* **TASK**:
Among the entries below, which lines run from the line with "Kosiarka została wyposażona" through the line with "Safety Sign, Horizontal"? Retype those, both ends included, exactly and without pictures.

* **RECORDS FOR THIS EXERCISE**:
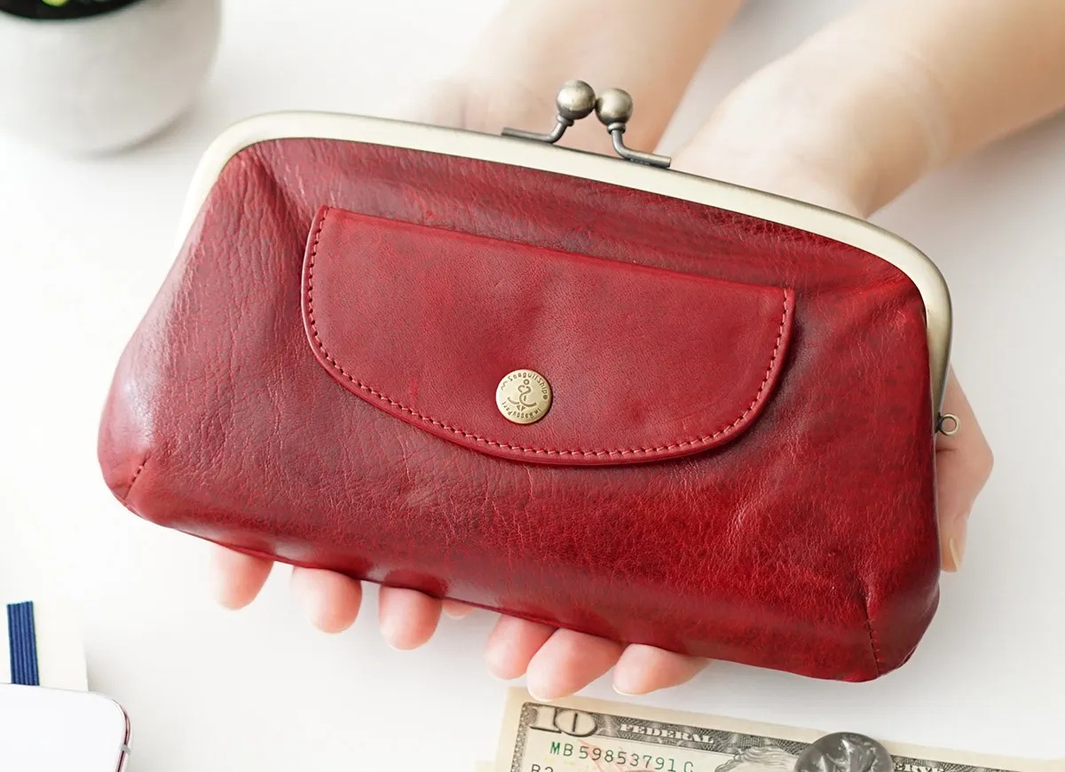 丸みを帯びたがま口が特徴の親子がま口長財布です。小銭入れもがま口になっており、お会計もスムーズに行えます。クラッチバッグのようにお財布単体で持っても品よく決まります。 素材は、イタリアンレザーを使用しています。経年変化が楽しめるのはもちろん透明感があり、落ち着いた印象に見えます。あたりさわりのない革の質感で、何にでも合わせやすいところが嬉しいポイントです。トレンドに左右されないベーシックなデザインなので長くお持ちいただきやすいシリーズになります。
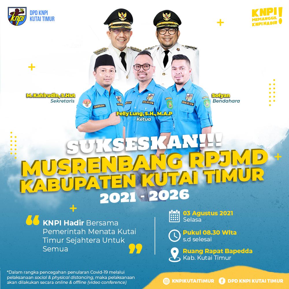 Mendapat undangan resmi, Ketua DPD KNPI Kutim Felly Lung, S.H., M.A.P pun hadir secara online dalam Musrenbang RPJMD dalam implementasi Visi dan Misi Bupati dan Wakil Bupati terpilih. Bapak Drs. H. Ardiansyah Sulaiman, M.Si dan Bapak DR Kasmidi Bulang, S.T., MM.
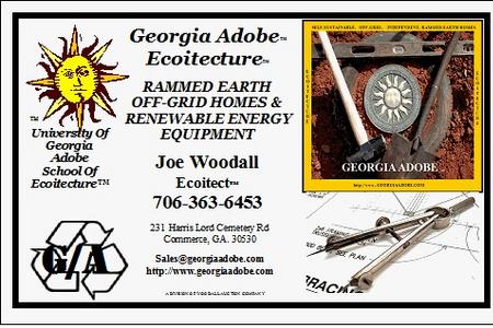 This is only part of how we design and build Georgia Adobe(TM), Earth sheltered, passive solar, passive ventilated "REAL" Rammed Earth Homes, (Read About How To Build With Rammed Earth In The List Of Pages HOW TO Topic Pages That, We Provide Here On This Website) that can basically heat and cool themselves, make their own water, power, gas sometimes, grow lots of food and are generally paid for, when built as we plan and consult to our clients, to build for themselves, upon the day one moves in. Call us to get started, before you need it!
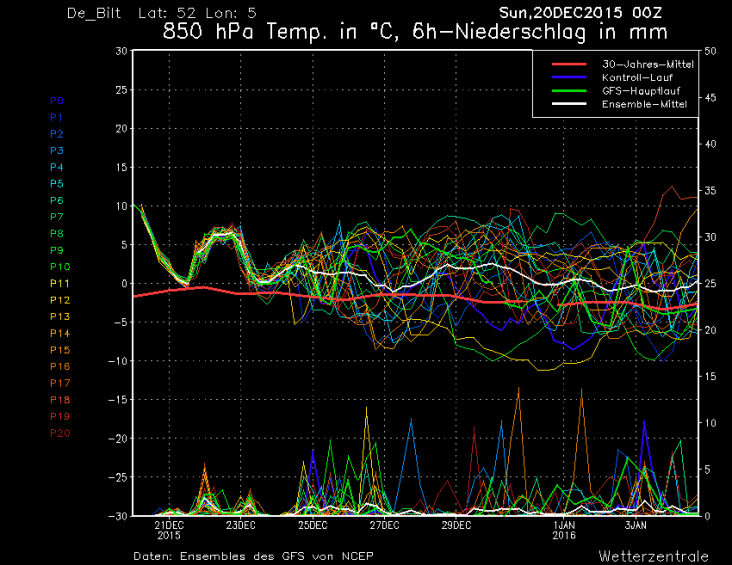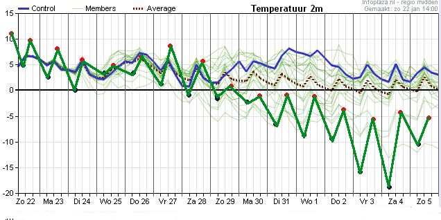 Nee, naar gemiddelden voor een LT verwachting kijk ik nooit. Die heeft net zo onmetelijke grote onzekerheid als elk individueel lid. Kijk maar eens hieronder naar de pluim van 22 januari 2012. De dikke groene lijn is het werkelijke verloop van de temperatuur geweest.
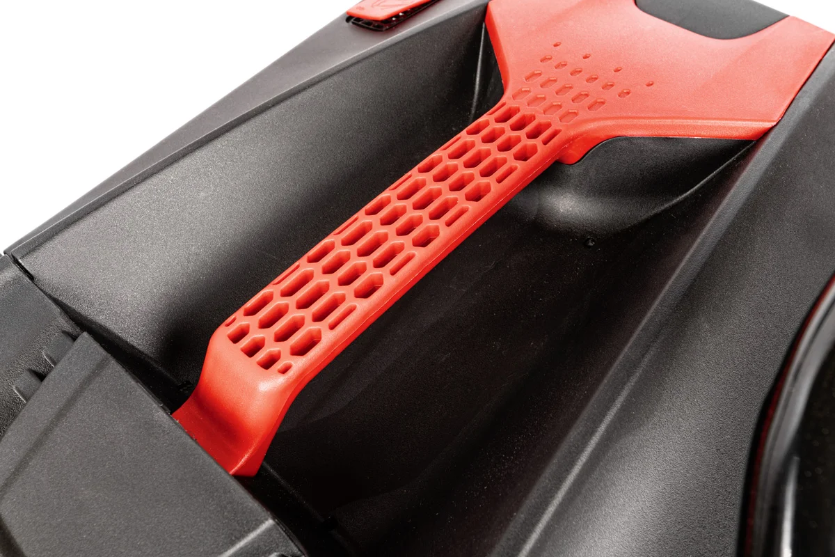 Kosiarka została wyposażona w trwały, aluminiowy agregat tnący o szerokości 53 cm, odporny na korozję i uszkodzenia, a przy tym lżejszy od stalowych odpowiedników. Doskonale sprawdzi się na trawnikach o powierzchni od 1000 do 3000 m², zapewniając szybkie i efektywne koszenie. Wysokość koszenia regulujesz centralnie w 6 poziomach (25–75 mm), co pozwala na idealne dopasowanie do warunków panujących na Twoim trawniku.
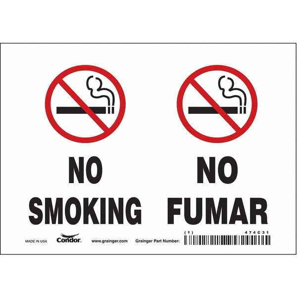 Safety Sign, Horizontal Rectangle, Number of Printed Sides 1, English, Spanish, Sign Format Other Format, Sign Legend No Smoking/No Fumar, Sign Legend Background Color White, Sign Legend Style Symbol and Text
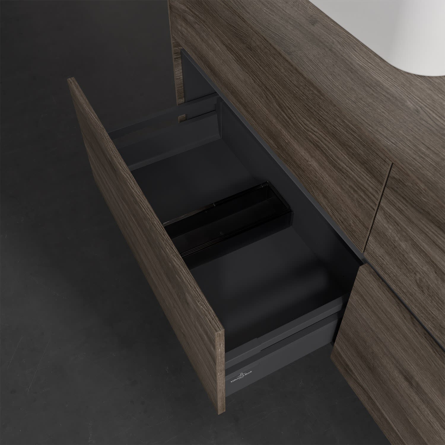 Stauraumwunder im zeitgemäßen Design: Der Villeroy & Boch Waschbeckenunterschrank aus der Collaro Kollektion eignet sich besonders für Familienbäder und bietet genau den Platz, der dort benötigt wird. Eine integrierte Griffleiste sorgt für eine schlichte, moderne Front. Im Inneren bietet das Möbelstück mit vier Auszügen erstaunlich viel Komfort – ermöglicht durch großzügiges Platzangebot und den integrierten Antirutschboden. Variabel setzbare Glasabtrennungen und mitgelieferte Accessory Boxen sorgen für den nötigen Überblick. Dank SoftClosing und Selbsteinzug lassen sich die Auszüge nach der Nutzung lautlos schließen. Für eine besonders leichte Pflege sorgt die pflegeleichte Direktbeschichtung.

* **ANSWER SECTION**:
 Kosiarka została wyposażona w trwały, aluminiowy agregat tnący o szerokości 53 cm, odporny na korozję i uszkodzenia, a przy tym lżejszy od stalowych odpowiedników. Doskonale sprawdzi się na trawnikach o powierzchni od 1000 do 3000 m², zapewniając szybkie i efektywne koszenie. Wysokość koszenia regulujesz centralnie w 6 poziomach (25–75 mm), co pozwala na idealne dopasowanie do warunków panujących na Twoim trawniku.
 Safety Sign, Horizontal Rectangle, Number of Printed Sides 1, English, Spanish, Sign Format Other Format, Sign Legend No Smoking/No Fumar, Sign Legend Background Color White, Sign Legend Style Symbol and Text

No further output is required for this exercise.